Survey finds investors looking for value creation beyond cost-cutting, with interest in AI and ESG on the rise

June 19, 2024 (Preqin News) – Declining deal-making, shrinking buyout multiples, and a growing exit backlog. These are a few of the factors causing ‘a headache’ for private equity GPs listed in Alvarez & Marsal's (A&M) Transformation in Private Equity report.

Higher interest rates, scarcer capital, and macroeconomic uncertainty have led to persistent valuation gaps, with deal-making and exit numbers both declining. This backlog is leading to challenges for private equity firms, including managing balance sheets of aging companies and creating value from companies while waiting for exit valuations to improve.

A&M found that 79% of private equity investors are adapting to the current macroeconomic environment by finding new opportunities for value creation beyond cost-cutting. The tough exit and deal-making environment means that organic growth is a favored strategy over acquisitions, with 32% of investors favoring the former over the latter (although buy-and-build remains relevant).

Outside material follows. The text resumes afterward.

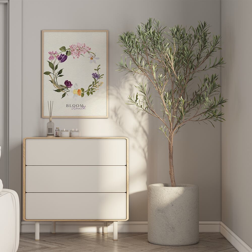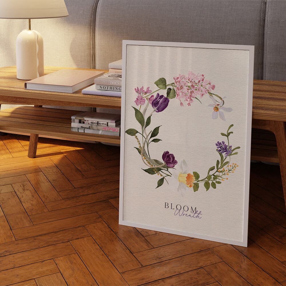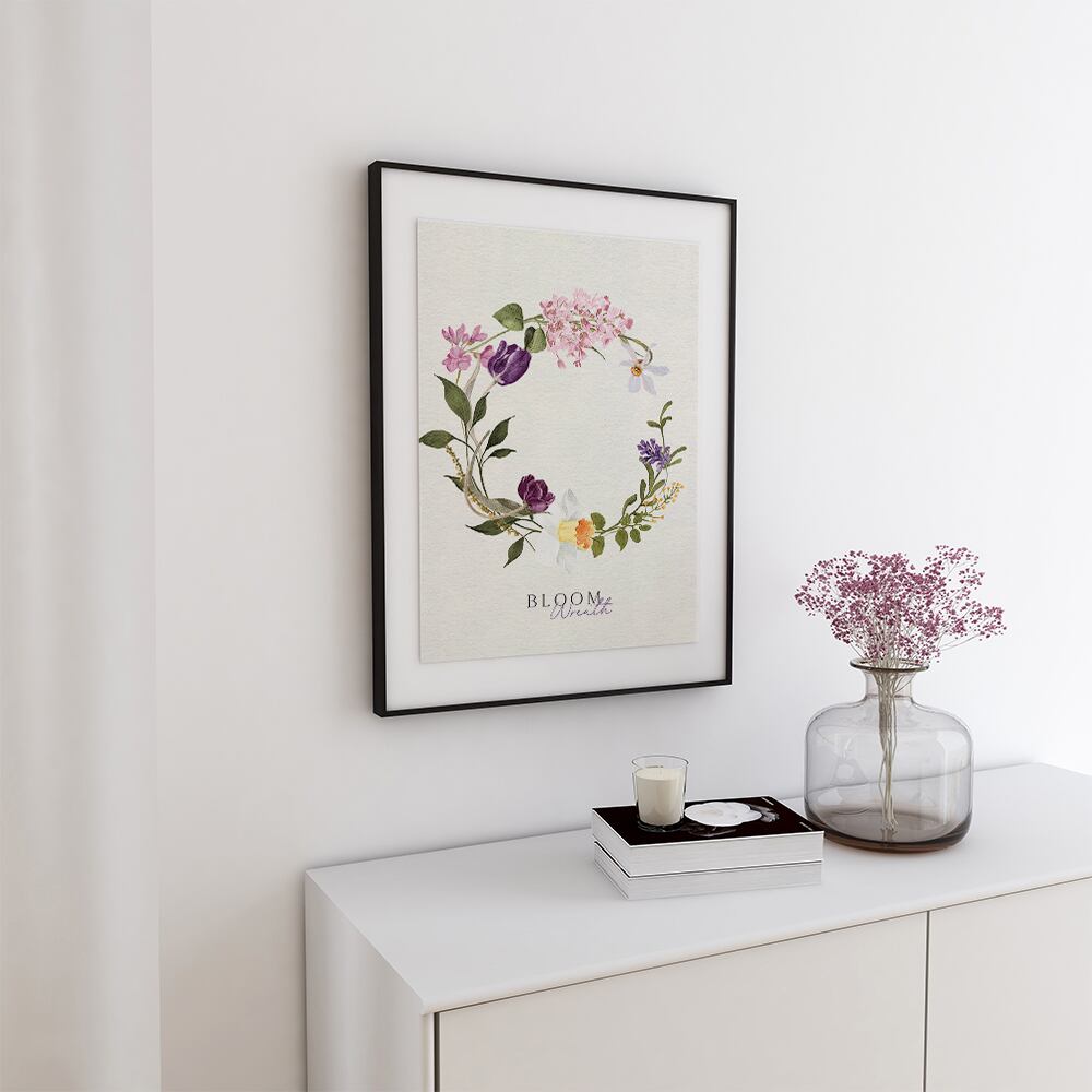 ライラックやチューリップ、水仙やミモザ、千日紅などのお花が束になっているポスターです。紫やピンク、白や黄色で品良くまとまっています。花束タイプやリースタイプなど、お好みのものをお選びください♪

Strikingly, almost all respondents (97%) see digital infrastructure as key to implementing a value creation plan, up from 84% last year. AI is a large part of this, with 45% of investors already using AI in post-acquisition value creation plans, and 38% planning to do so by 2025.

Investors are relying more on data and AI to determine both where value is being lost and where it can be found. When AI is used, the main areas are to gain market insights and in competitor analysis (87% of use cases), strategic decision-making (79%), financial management (70%), operational efficiency (45%), customer experience enhancement (42%), and human resources (11%).


How are you using or planning to use AI in value creation plans?

Source: Alvarez & Marsal, Transformation in Private Equity


A&M’s survey also explores ESG considerations in private equity portfolios. Nearly two-thirds (62%) of respondents said improved ESG credentials boosted the long-term performance of portfolio companies.

Measuring the relationship between ESG and performance is difficult, in part because of a lack of historical data. However, early indications from Preqin’s ESG fund performance benchmarks support respondents’ views in the A&M survey. Funds labeled Article 8 under the EU’s Sustainable Finance Disclosure Regulation (SFDR) deliver returns in a narrower range, with less likelihood of large losses than the average private equity fund.

For example, a pool of 15 2020-vintage SFDR Article 8 vehicles reports a median net IRR of 16.3%, with the lower quartile boundary at 8.4% and the upper quartile boundary at 26.6%. The comparable pool of 517 private equity funds has lower returns at all quartile boundaries, standing at 7.9%, 14.9%, and 25.1%, a pattern repeated by 2021 funds.

A&M said that qualitative answers to the survey suggest that funds are now moving to embed ESG into portfolio companies’ activities pragmatically, combining cost optimization with environmental objectives, or investing in sustainable products to access new markets and improve brand loyalty. ‘We see this as a significant shift, signaling the industry may be transitioning from a purely value-preservation (risk management) lens towards a value-add approach when it comes to integrating ESG in their portfolio companies,’ the report said.


The opinions and facts included within the above do not constitute investment advice. Professional advice should be sought before making any investment or other decisions. Preqin providing the information in this content accepts no liability for any decisions taken in relation to the above.